A knowledge graph is a collection of factual triples (h, r, t) consisting of two entities and one relation. Most knowledge graphs suffer from the incompleteness that there are many missing relations between entities. To predict missing links, each relation is modeled by a binary classifier to predict whether the links between two entities exist or not. Negative sampling is a task to draw negative samples efficiently and effectively from the unobserved triples to train the classifiers. The quality and quantity of the negative samples will highly affect the performance on link prediction.
Naive negative sampling [1] suggests generating negative samples by corrupting one of the entities in the observed triples, e.g. (h’, r, t) or (h, r, t’). Despite the simplicity of naive negative samples, the generated negative samples carry little semantics. For example, given a positive triple (Hulk, movie_genre, Science Fiction), a negative sample (Hulk, movie_genre, New York City) might be generated by naive negative sampling, which will never be a valid triple in the real-world scenario.

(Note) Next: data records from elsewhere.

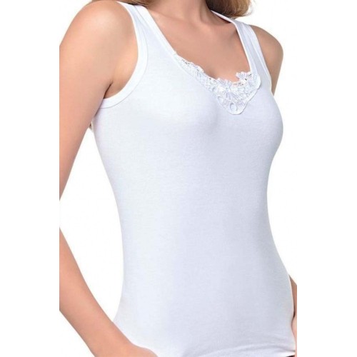 Mevsim 6'lı Beyaz Openet Penye Geniş Askı Güpürlü Atlet 30501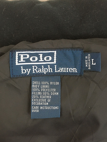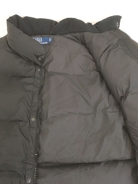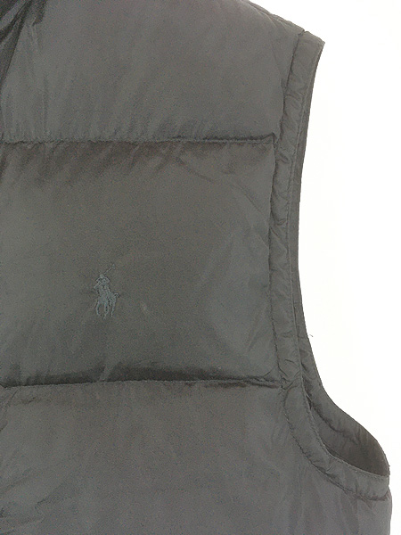 古着 90s Polo Ralph Lauren ワンポイント 軽量 シェル ナイロン ダウン ベスト オールブラック L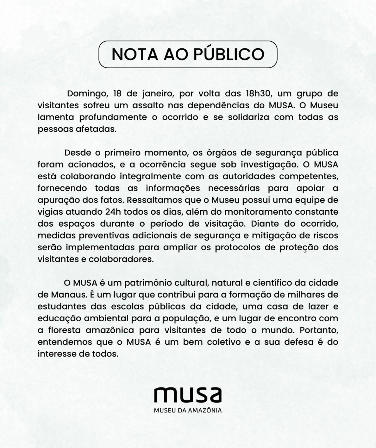 Uma quadrilha de 5 bandidos amarrou e assaltou turistas dento do Museu da Amazônia (Musa), neste domingo (18). As vítimas foram jogadas no banheiro e tiveram dinheiros e pertences levados.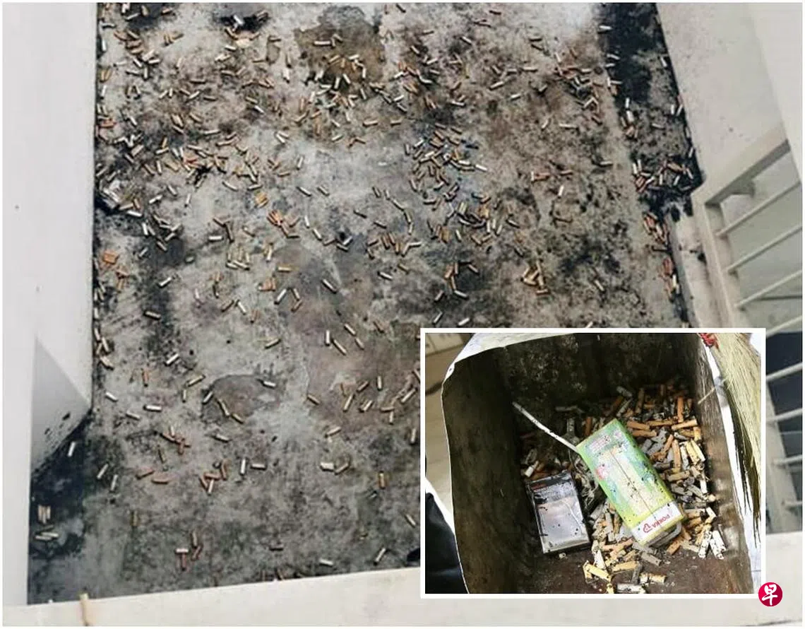 组屋楼上时常有烟客随手把烟蒂往下丢,落在二楼的组屋平台上,一星期内就累积上百根,居民申诉不止弄得脏兮兮,还可能引发火患。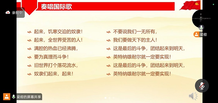 2025年1月22日晚,98色花堂 本科生第一党支部第三党小组在线上腾讯会议顺利开展1月份的党小组会议。本次会议由梁彻同志主持,主题为“时事分享”,共13名成员参与。 会议由三部分组成。第一部分,全体同志齐唱国际歌。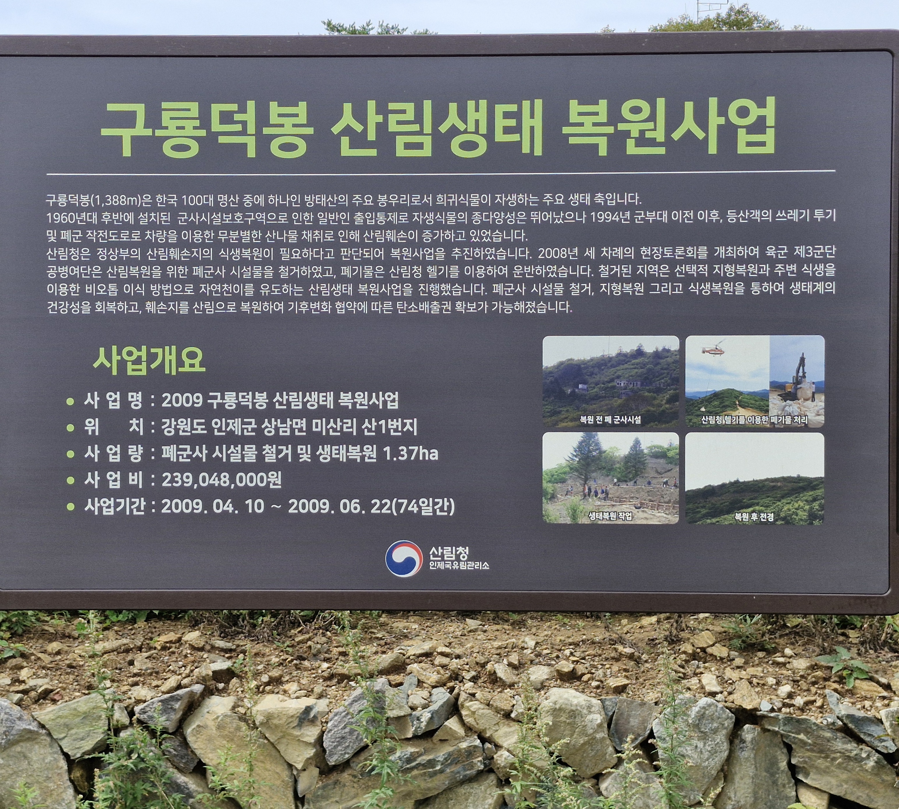 구룡덕봉에 주둔했던 군부대가 철수하면서 산림청에서는 훼손된 산림을 복구하기 시작, 지형복원과 식생복원으로 이 땅의 생태계를 회복시켰답니다.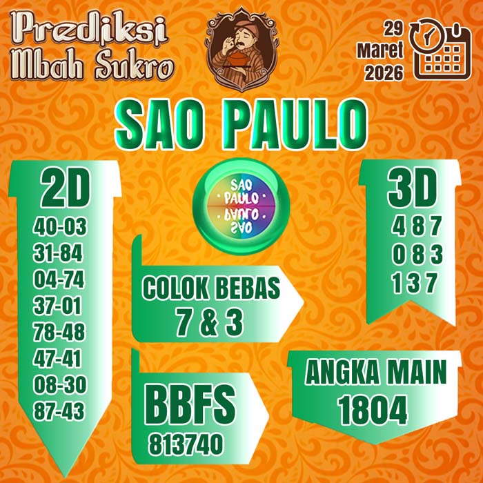 PREDIKSI MBAH SUKRO SAO PAULO MINGGU 29 MARET 2026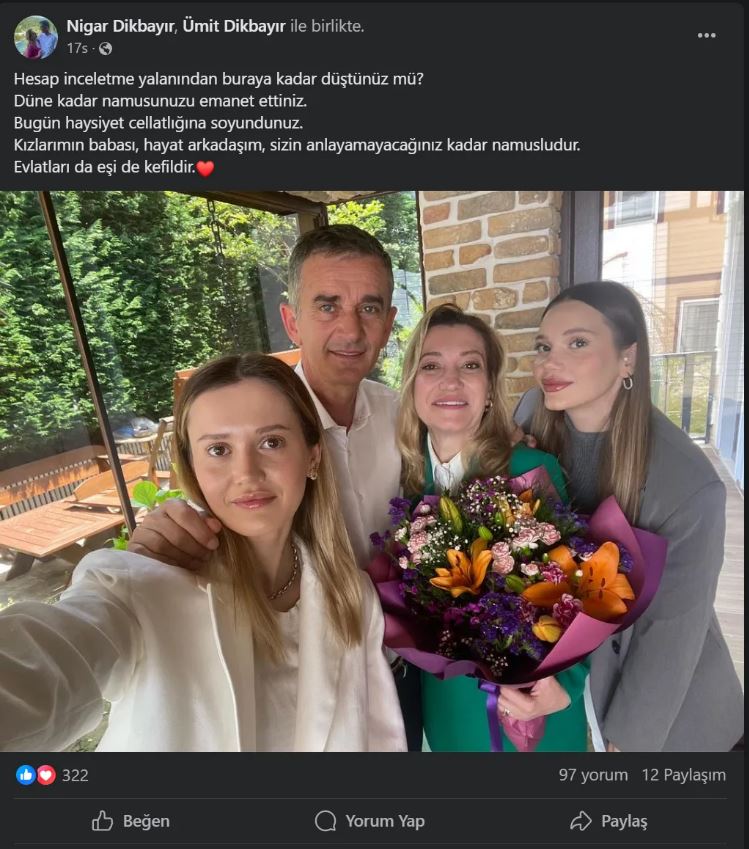 Taciz iddialarını ardından eşi ve çocuklarıyla fotoğrafını paylaşan Nigar Dikbayır, "Hesap inceletme yalanından buraya kadar düştünüz mü? Düne kadar namusunuzu emanet ettiniz. Bugün haysiyet cellatlığına soyundunuz. Kızlarımın babası, hayat arkadaşım, sizin anlayamayacağınız kadar namusludur. Evlatları da eşi de kefildir" diye yazdı. (Haber Merkezi)
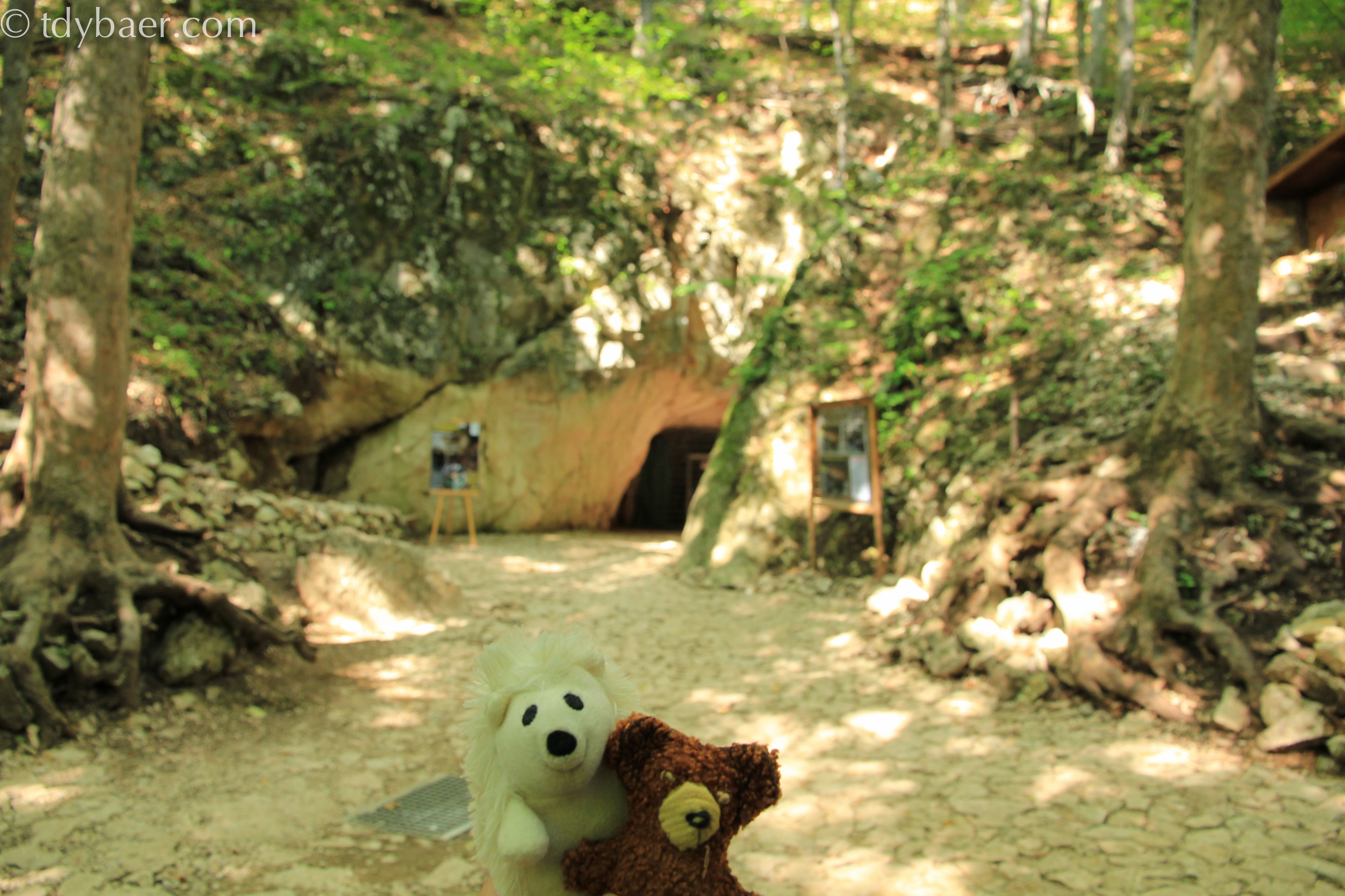 Über Stock und viel Stein und rauf und runter fuhren wir vorbei an Schafwiesen, vielen leerstehenden Bauruinen und das alles mit Super-Aussicht. Irgendwann erreichten wir kurz vor Bran wieder die normale Straße *puh*. Auf dem Rückweg in die Poiana Brasov besuchten wir noch die kleine Tropfsteinhöhle „Peştera Valea Cetatii„. Ein steiler Weg führt mitten durch den Wald zum Eingang.

Instead, we are looking for negative examples, such as (Hulk, movie_genre, Romance), that provide more information to the classifiers. Based on the observation, we only draw the corrupted entities within the set of observed entities that have been linked by the given relation, also known as the ‘range’ for the relation. However, a drawback is that the chance of drawing false negatives is high. Therefore, we further filter the drawn corrupted entities based on the entity-entity co-occurrence. For example, it’s not likely for us to generate a negative sample (Hulk, movie_genre, Adventure) because we know from the dataset that movie genres ‘Science Fiction’ and ‘Adventure’ are highly co-occurred. The first figure shows how the positive and negative samples could be derived from the given knowledge graph.
To generate more effective negative samples, previous work has tried to use GAN models [2] and self-adversarial learning [3] to generate negative samples. In our work, self-adversarial negative samples are drawn from the mis-classified negative samples from the previous iteration and are used in the later iterations. The second figure demonstrates the effectiveness of range-constrained and self-adversarial negative sampling compared to naive negative sampling.
Reference:
[1] Wang, Zhen, et al. “Knowledge graph embedding by translating on hyperplanes.” Proceedings of the AAAI Conference on Artificial Intelligence. Vol. 28. No. 1. 2014.
[2] Cai, Liwei, and William Yang Wang. “Kbgan: Adversarial learning for knowledge graph embeddings.” arXiv preprint arXiv:1711.04071 (2017).
[3] Sun, Zhiqing, et al. “Rotate: Knowledge graph embedding by relational rotation in complex space.” arXiv preprint arXiv:1902.10197 (2019).